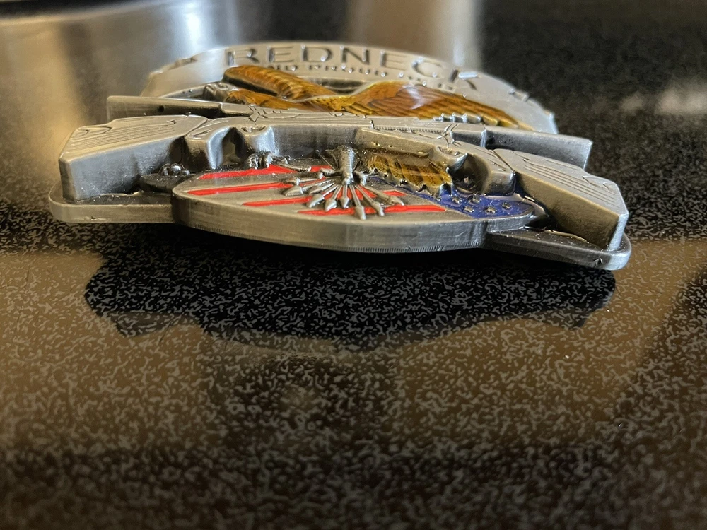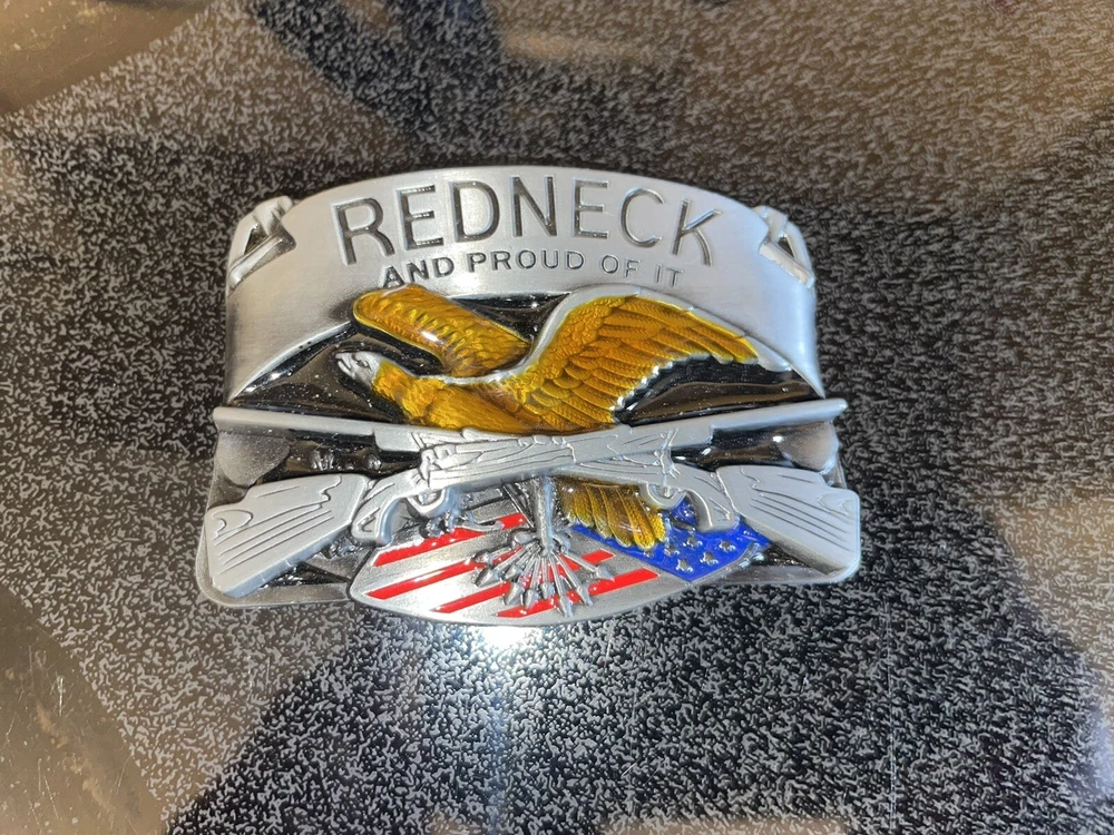 Redneck and proud of it belt buckle It is about 3 1/2 inches wide and 2 1/2 inches tall. It is brand new, never been worn. Thank you for looking!
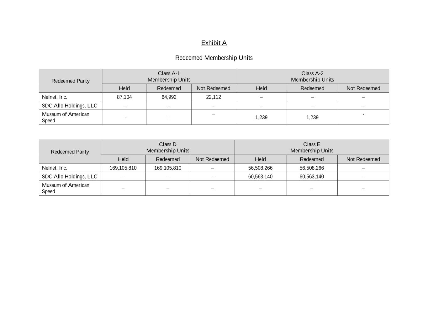 Exhibit A Redeemed Membership Units Redeemed Party Class A-1 Membership Units Class A-2 Membership Units Held Redeemed Not Redeemed Held Redeemed Not Redeemed Nelnet, Inc. 87,104 64,992 22,112 – – – SDC Allo Holdings, LLC – – – – – – Museum of American Speed – – – 1,239 1,239 - Redeemed Party Class D Membership Units Class E Membership Units Held Redeemed Not Redeemed Held Redeemed Not Redeemed Nelnet, Inc. 169,105,810 169,105,810 – 56,508,266 56,508,266 – SDC Allo Holdings, LLC – – – 60,563,140 60,563,140 – Museum of American Speed – – – – – –
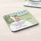 Cute Blonde Bridesmaid in Gown Keepsake Coasters -Cute Buntings Hanging from a Fruit Tree with Orange Berries and Green Damask Hills and Blue Damask Sky
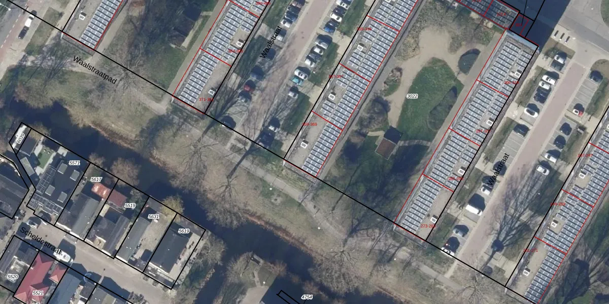 Het perceel waarop Waalstraat 361 staat heeft een oppervlakte van 4258 m². Dit is een zeer groot perceel. De perceeloppervlakte wordt geregistreerd door het Kadaster. Gedetailleerde informatie over de maten van dit perceel kunt u vinden in het rapport Kadastrale kaart met maatvoering van Waalstraat 361.
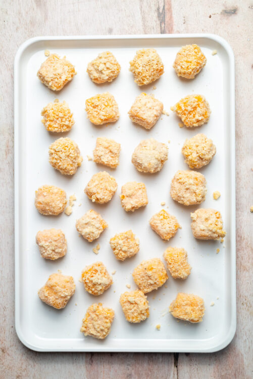 Place the breaded cheese cubes on a tray lined with parchment paper and freeze them for 20-30 minutes. This step ensures the coating stays intact during frying.
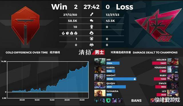 在TES战队与RW战队的首局比赛中,TES战队Pick:剑魔、盲僧、卡萨丁、女枪、锤石,RW战队Pick:奥恩、巨魔、沙皇、厄斐琉斯、巴德,在比赛前期,TES战队也是以发育为主,并且,TES战队占据经济的领先,比赛来到20分钟,RW战队开始发力,不但拿下大龙,还不断取得团战胜利,处于经济的领先,然而,随着比赛的进行,Knight的卡萨丁发育成型,RW战队两次试图一波结束比赛,但是,Knight使用卡萨丁一波四杀,TES战队绝地翻盘,艰险赢下了首局比赛。
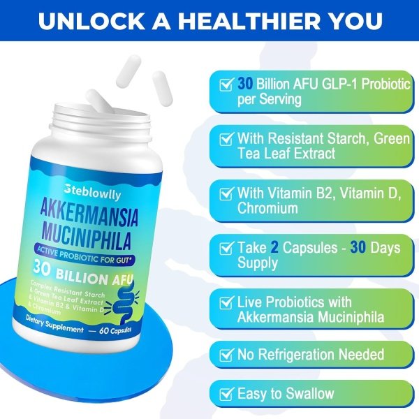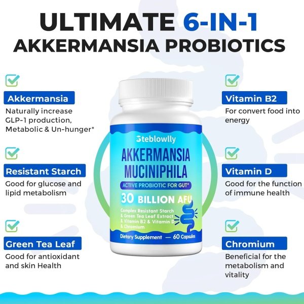 ☑️BEST CHOICE & EXPERTLY FORMULATED – Steblowlly GLP-1 Probiotic is Non-GMO, Gluten-free, Vegan, and additive-free, this akkermansia probiotic is encased in a plant-based, acid-resistant, delayed release capsule, so that the strain gets through the stomach acid and to the gut microbiome where it can do its job. If you have any concerns, send us a message by reporting a problem with your order. Our dedicated Customer Service team will get back to you!
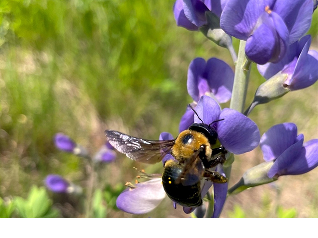 An eastern carpenter bee (Xylocopa virginica) lands on flowering blue false indigo (Baptisia australis).
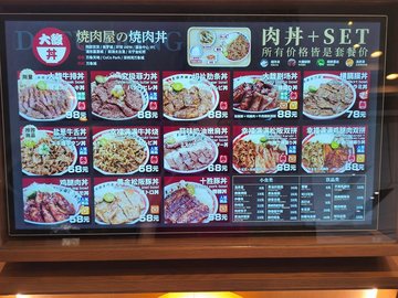 幸福满满牛丼烧 / 温泉蛋 / 究极菲力丼 / 牛肋条饭 / 黄瓜 / 蒜味奶油嫩肩mini丼
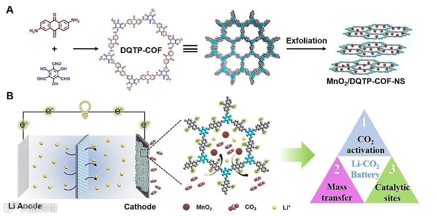 图1. (A) 化学法剥离DQTP-COF变为二氧化锰负载的纳米薄片的过程示意图; (B) MnO2/DQTP-COF-NS作为Li-CO2电池正极催化剂的优势

### Work instructions:
Produce an exact copy of every line above, with the images left out.

### Task response:
 Redneck and proud of it belt buckle It is about 3 1/2 inches wide and 2 1/2 inches tall. It is brand new, never been worn. Thank you for looking!
 Exhibit A Redeemed Membership Units Redeemed Party Class A-1 Membership Units Class A-2 Membership Units Held Redeemed Not Redeemed Held Redeemed Not Redeemed Nelnet, Inc. 87,104 64,992 22,112 – – – SDC Allo Holdings, LLC – – – – – – Museum of American Speed – – – 1,239 1,239 - Redeemed Party Class D Membership Units Class E Membership Units Held Redeemed Not Redeemed Held Redeemed Not Redeemed Nelnet, Inc. 169,105,810 169,105,810 – 56,508,266 56,508,266 – SDC Allo Holdings, LLC – – – 60,563,140 60,563,140 – Museum of American Speed – – – – – –
 Cute Blonde Bridesmaid in Gown Keepsake Coasters -Cute Buntings Hanging from a Fruit Tree with Orange Berries and Green Damask Hills and Blue Damask Sky
 Het perceel waarop Waalstraat 361 staat heeft een oppervlakte van 4258 m². Dit is een zeer groot perceel. De perceeloppervlakte wordt geregistreerd door het Kadaster. Gedetailleerde informatie over de maten van dit perceel kunt u vinden in het rapport Kadastrale kaart met maatvoering van Waalstraat 361.
 Place the breaded cheese cubes on a tray lined with parchment paper and freeze them for 20-30 minutes. This step ensures the coating stays intact during frying.
 在TES战队与RW战队的首局比赛中,TES战队Pick:剑魔、盲僧、卡萨丁、女枪、锤石,RW战队Pick:奥恩、巨魔、沙皇、厄斐琉斯、巴德,在比赛前期,TES战队也是以发育为主,并且,TES战队占据经济的领先,比赛来到20分钟,RW战队开始发力,不但拿下大龙,还不断取得团战胜利,处于经济的领先,然而,随着比赛的进行,Knight的卡萨丁发育成型,RW战队两次试图一波结束比赛,但是,Knight使用卡萨丁一波四杀,TES战队绝地翻盘,艰险赢下了首局比赛。
 ☑️BEST CHOICE & EXPERTLY FORMULATED – Steblowlly GLP-1 Probiotic is Non-GMO, Gluten-free, Vegan, and additive-free, this akkermansia probiotic is encased in a plant-based, acid-resistant, delayed release capsule, so that the strain gets through the stomach acid and to the gut microbiome where it can do its job. If you have any concerns, send us a message by reporting a problem with your order. Our dedicated Customer Service team will get back to you!
 An eastern carpenter bee (Xylocopa virginica) lands on flowering blue false indigo (Baptisia australis).
 幸福满满牛丼烧 / 温泉蛋 / 究极菲力丼 / 牛肋条饭 / 黄瓜 / 蒜味奶油嫩肩mini丼
 图1. (A) 化学法剥离DQTP-COF变为二氧化锰负载的纳米薄片的过程示意图; (B) MnO2/DQTP-COF-NS作为Li-CO2电池正极催化剂的优势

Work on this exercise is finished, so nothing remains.